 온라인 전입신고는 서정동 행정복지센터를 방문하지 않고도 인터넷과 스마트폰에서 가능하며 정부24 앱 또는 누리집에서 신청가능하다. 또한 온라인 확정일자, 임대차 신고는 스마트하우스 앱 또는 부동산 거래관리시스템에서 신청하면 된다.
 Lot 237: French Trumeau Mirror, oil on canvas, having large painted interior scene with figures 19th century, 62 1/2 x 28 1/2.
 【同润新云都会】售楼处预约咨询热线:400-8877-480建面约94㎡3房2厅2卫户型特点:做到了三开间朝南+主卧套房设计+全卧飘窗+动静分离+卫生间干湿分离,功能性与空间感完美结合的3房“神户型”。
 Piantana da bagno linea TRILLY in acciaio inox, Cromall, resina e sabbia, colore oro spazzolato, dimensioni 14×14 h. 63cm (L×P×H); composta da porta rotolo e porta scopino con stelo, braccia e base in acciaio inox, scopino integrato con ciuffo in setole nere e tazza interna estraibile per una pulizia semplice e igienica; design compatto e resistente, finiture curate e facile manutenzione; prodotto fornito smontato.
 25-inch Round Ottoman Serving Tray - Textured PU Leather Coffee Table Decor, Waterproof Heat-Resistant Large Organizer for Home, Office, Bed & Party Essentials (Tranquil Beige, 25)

==============================

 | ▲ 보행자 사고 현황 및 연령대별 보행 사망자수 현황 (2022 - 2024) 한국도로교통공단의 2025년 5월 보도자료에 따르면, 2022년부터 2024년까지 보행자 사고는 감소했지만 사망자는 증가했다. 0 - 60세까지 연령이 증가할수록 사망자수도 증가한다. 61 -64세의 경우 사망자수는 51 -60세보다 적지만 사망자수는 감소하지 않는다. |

==============================

Using the data above, extract exactly the lines from the one that holds "Piantana da bagno" to the one that holds "25-inch Round Ottoman", both ends included, and no others.

 Piantana da bagno linea TRILLY in acciaio inox, Cromall, resina e sabbia, colore oro spazzolato, dimensioni 14×14 h. 63cm (L×P×H); composta da porta rotolo e porta scopino con stelo, braccia e base in acciaio inox, scopino integrato con ciuffo in setole nere e tazza interna estraibile per una pulizia semplice e igienica; design compatto e resistente, finiture curate e facile manutenzione; prodotto fornito smontato.
 25-inch Round Ottoman Serving Tray - Textured PU Leather Coffee Table Decor, Waterproof Heat-Resistant Large Organizer for Home, Office, Bed & Party Essentials (Tranquil Beige, 25)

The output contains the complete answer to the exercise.